EXERCISE AIM:
Please repeat only the lines below starting at the line that holds "玄関ホールのそばに設けたクロ" and ending at the line that holds "Marca-texto Mentos veio", exactly, with both of those lines included and every picture omitted.

DATASET RECORDS:
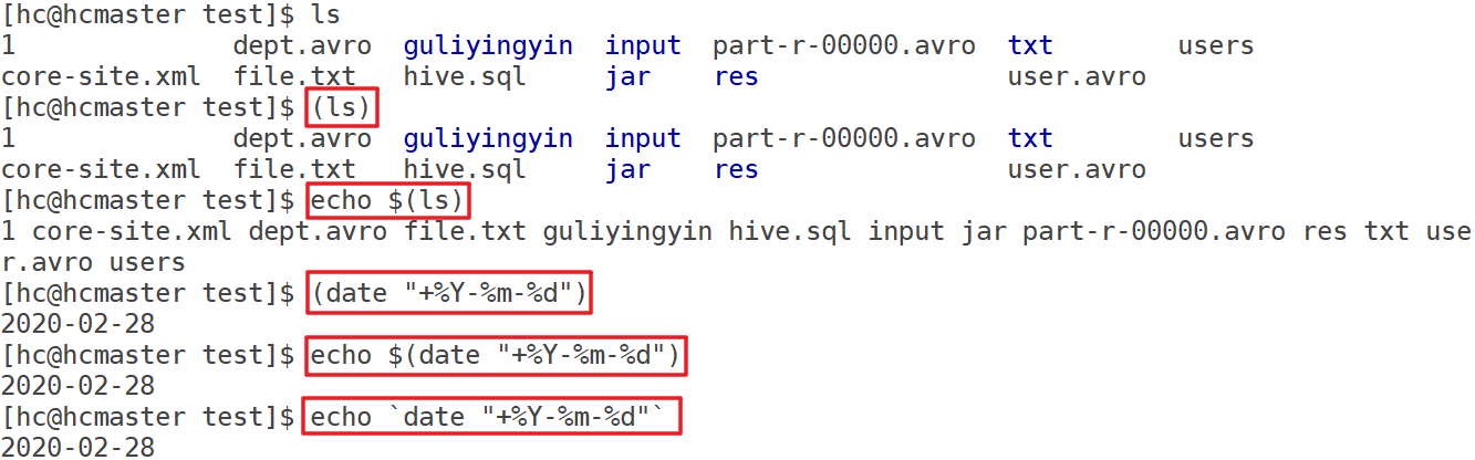 在bash中,( )与 ``(反引号)都是用来作命令替换的。 命令替换与变量替换差不多,都是用来重组命令行的,先完成引号里的命令行,然后将其结果替换出来,再重组成新的命令行。
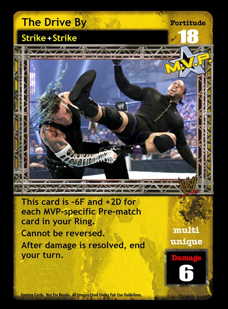 This card is -6F and +2D for each MVP-specific Pre-match in your Ring. Cannot be reversed. After damage is resolved, end your turn.
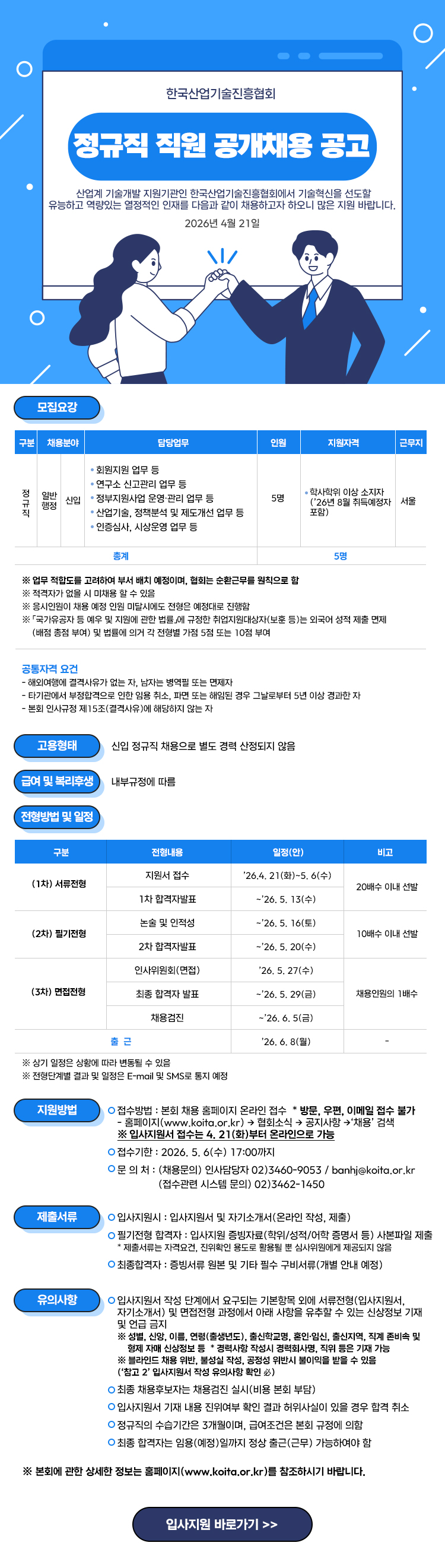 | [채용] 2026년 한국산업기술진흥협회 정규직 직원 공개채용 | |||
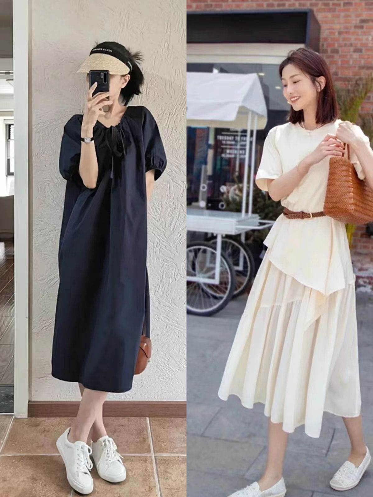 裙子款式簡約的純色裙子勝在舒適百搭,視覺上耐看輕盈,這類型裙子雖然沒有碎花裙耀眼,卻更能體現造型的簡約之美
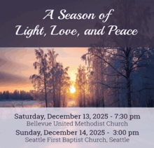- A Season of Light, Love and Peace - Saturday, December 13, 2025, 7:30 pm - Sunday, December 14, 2025, 3:00 pm
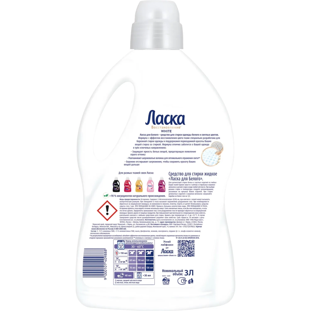Жидкое средство для стирки Ласка для белого 3л
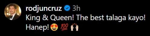 Kapuso actor and brother Rodjun Cruz proudly praised the couple on Instagram with the comment "King & Queen! The best talaga kayo! Hanep!"
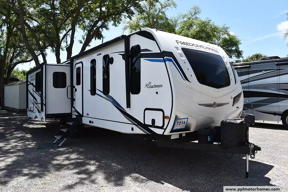 This 2022 Freedom Express LIBERTY 324 RLE has an Electric Tongue Jack, 3 Slide-outs, 1 Ducted Air Conditioner, Double Door 12v Everchill Refrigerator (Additional Refrigerator Present), Automatic Main Awning And Slide Awning, Outside Speakers, 2 TVs, DVD Player, Outdoor Grill, Outdoor Kitchen, Outside Shower, Fireplace, Microwave, 3 Burner Range, Oven
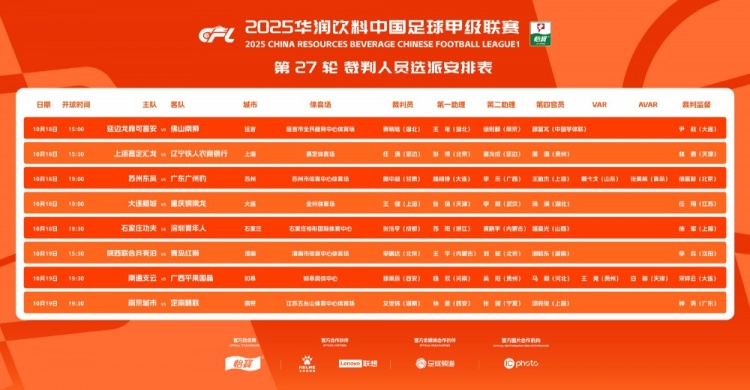 2025华润饮料中甲联赛第27轮裁判名单已正式公布,本轮比赛将有两场焦点战役配备视频助理裁判(VAR),分别是苏州东吴对阵广东广州豹,以及南通支云对战广西平果。
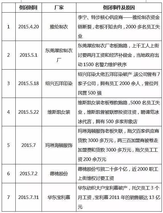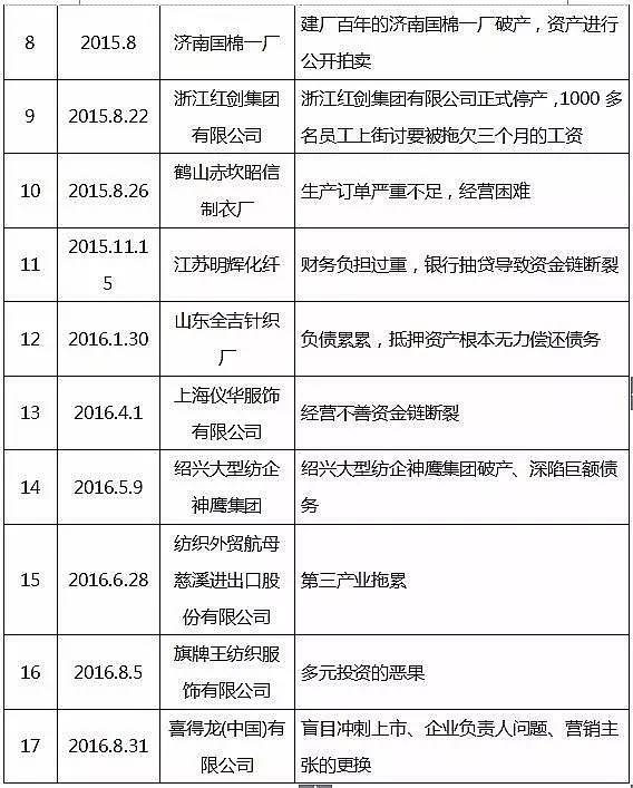 其实,诺奇和庄吉只是内地纺织服装业的一个缩影,从去年以来,纺织服装业迎来了一阵“倒闭潮”。
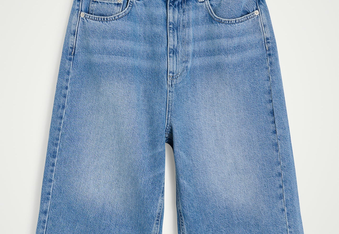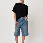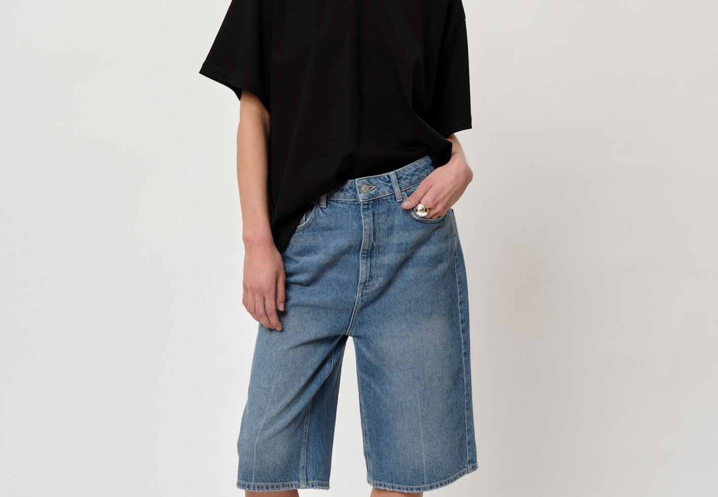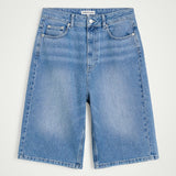 Introducing the Emily Denim Shorts: A pair of denim mid-waisted Bermuda shorts with a loose fit that hit at the knee.
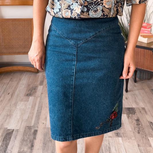 Gonna Vintage in Jeans con Dettaglio di Rosa
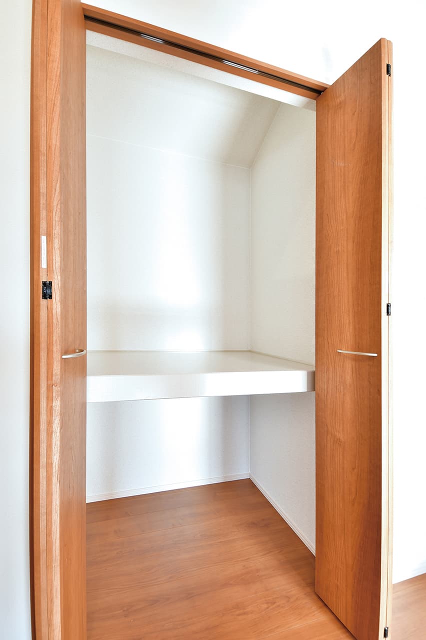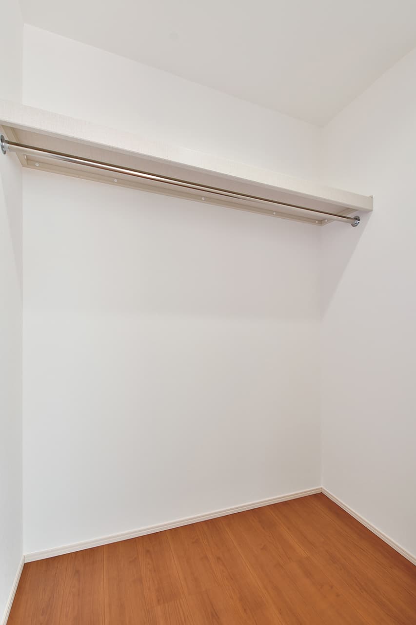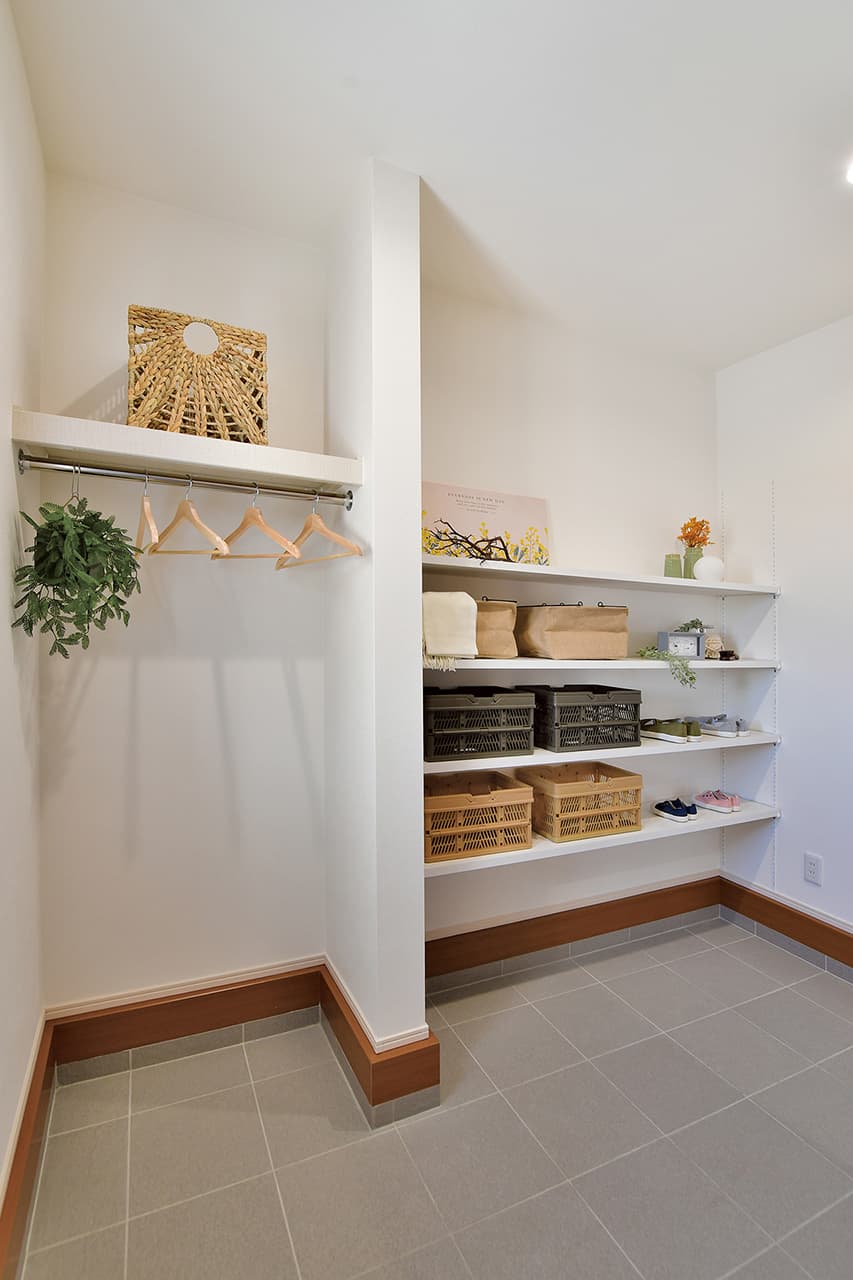 玄関ホールのそばに設けたクローゼットスペース。お出かけ用の上着やコート、レインウェアをはじめ、帽子や鞄などをまとめて収納できます。居住空間への花粉やウイルスなどの持ち込みを低減し、子ども達のお片付け習慣も自然と身につきます。
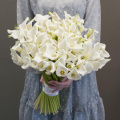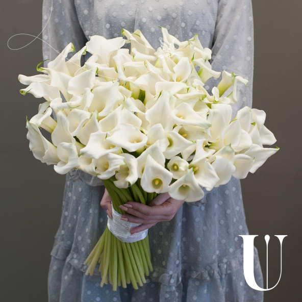 Букет состоит из 101 белой каллы, что делает его ярким и запоминающимся.
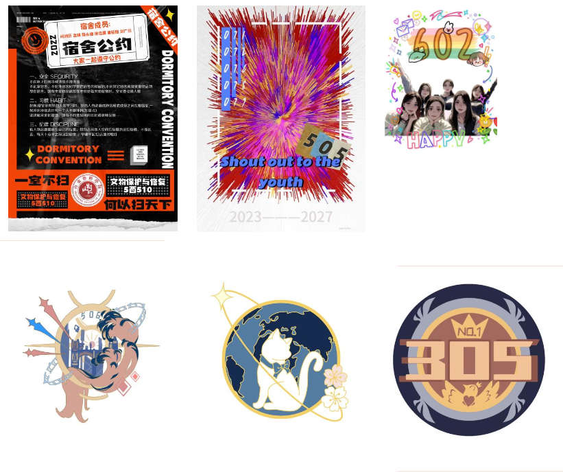 在舍标舍徽及海报设计评比过程中,各宿舍结合专业特色与寝室文化进行设计,充分展现了同学们的想象力和创新能力,展现了积极向上、活力四溢、团结和谐、个性鲜明的宿舍文化氛围,得到了评审们的一致好评。
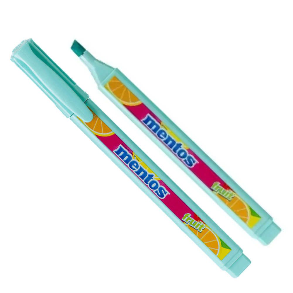 Marca-texto Mentos veio para iluminar seus dias com cores intensas e um aroma delicioso. Com uma ponta chanfrada que desliza suavemente sobre o papel, ele destaca informações importantes com estilo. O design anatômico em formato “D” é inovador e ergonômico.
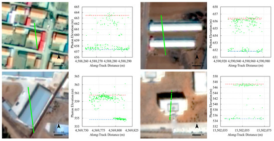 The buildings whose footprints intersect the ICESat-2 beams were employed as the validation buildings. To ensure the reliability of the validation, the following samples were excluded from the validation set: (1) the number of ICESat-2 photons or the nDSM values from successful stereo matching in the building footprint of less than 10 or located only near the edges of the building; (2) buildings obscured by trees; (3) closely surrounded by other buildings, with no ground-reflected ICESat-2 photons in the buffer; and (4) buildings less than 1.5 m in height as measured by ICESat-2. Finally, a total of 383 buildings were used for validation (Figure 1a). The scatter plot of the building heights from GF-7 against the building heights from ICESat-2 is shown in Figure 8, with an R2 of 0.83, an MAE of 1.81 m, and an RMSE of 2.13 m. Figure 9 and Appendix A show the quality control and inspection of the validation process, demonstrating the reliability and robustness of the ICESat-2 building height extraction method. The ICESat-2 photons are shown as green dots. The 90th percentile values of photon elevation in building footprints and the 10th percentile values of photon elevation in buffers are marked with red and blue dashed lines, respectively.
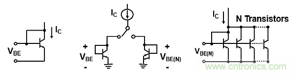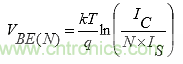 公式(2)顯示了許多并聯晶體管的基極-發射極的VBE(N)值。
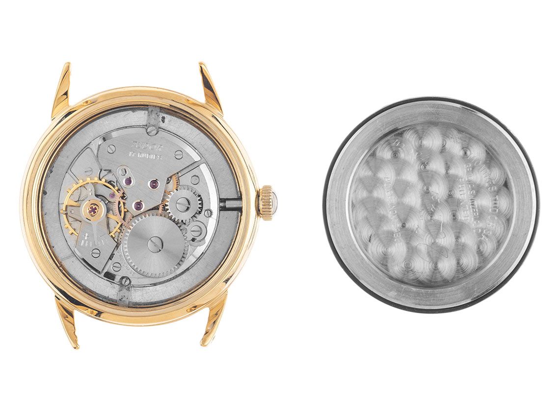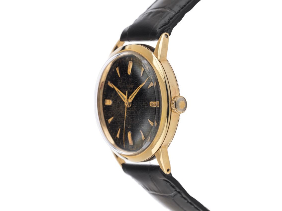Gehäuse Edelstahl Gelbgold vergoldet und poliert, Gehäusedurchmesser ohne Krone 35mm, Gehäusehöhe 10,6mm. Lünette Edelstahl Gelbgold vergoldet glatt und poliert. Armband Leder schwarz mit Ziernaht, Anstoßbreite 18mm. Stiftschließe Edelstahl Gelbgold vergoldet. Zifferblatt schwarz mit Waffelmuster, leicht patiniert, aufgesetzten gelbgoldenen Indexen und gelbgoldenen Zeigern. Uhrwerk Handaufzug, Kaliber Tudor mit 17 Edelsteinen. Anzeige von Stunde, Minute und Sekunde über Zeiger aus der Mitte. Plexiglas gewölbt. Krone geriffelt. Boden Edelstahl verschraubt und graviert. Gewicht der Uhr inklusive Armband 41g. Referenznummer: 7957, Gehäusenummer: 290XXX, Baujahr: 1960. ID: P094010360525H-3100, Artikelnummer: 10000080365. Mit Gangkontrolle und kompletter äußerlicher Aufarbeitung von Mai 2025. Original Tudor Reise Etui und Watchregister Auszug von Mai 2025, The Watch Register Zertifikat / ohne Eintrag (Internationale Datenbank für verlorene oder gestohlene Uhren)
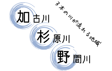 「加杉野〜かすぎの〜」 3本の川が流れる地域 私たちは西脇・多可の地を流れる 加古川(かこがわ) ・ 杉原川(すぎはらがわ) ・ 野間川(のまがわ) の頭文字を結びつけ、これらの3本の川によって地理的・歴史的に結びつきの深い この地域を「加杉野〜かすぎの〜」と名付けました。 行政区域にとらわれない大きな視点から、地域の次代のまちづくりを創造していきます。
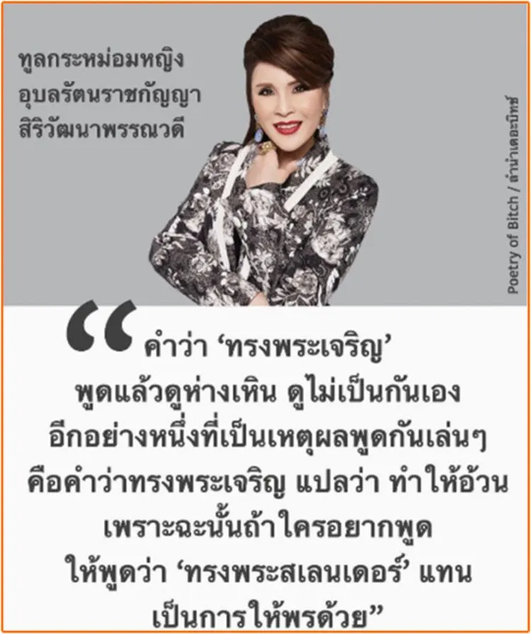 อย่าลืม ทูลกระหม่อม ทรงย้ำ ใช้คำว่าทรงพระสเลนเดอร์ แทน ทรงพระเจริญ

SOLUTION TO THIS TASK:
 玄関ホールのそばに設けたクローゼットスペース。お出かけ用の上着やコート、レインウェアをはじめ、帽子や鞄などをまとめて収納できます。居住空間への花粉やウイルスなどの持ち込みを低減し、子ども達のお片付け習慣も自然と身につきます。
 Букет состоит из 101 белой каллы, что делает его ярким и запоминающимся.
 在舍标舍徽及海报设计评比过程中,各宿舍结合专业特色与寝室文化进行设计,充分展现了同学们的想象力和创新能力,展现了积极向上、活力四溢、团结和谐、个性鲜明的宿舍文化氛围,得到了评审们的一致好评。
 Marca-texto Mentos veio para iluminar seus dias com cores intensas e um aroma delicioso. Com uma ponta chanfrada que desliza suavemente sobre o papel, ele destaca informações importantes com estilo. O design anatômico em formato “D” é inovador e ergonômico.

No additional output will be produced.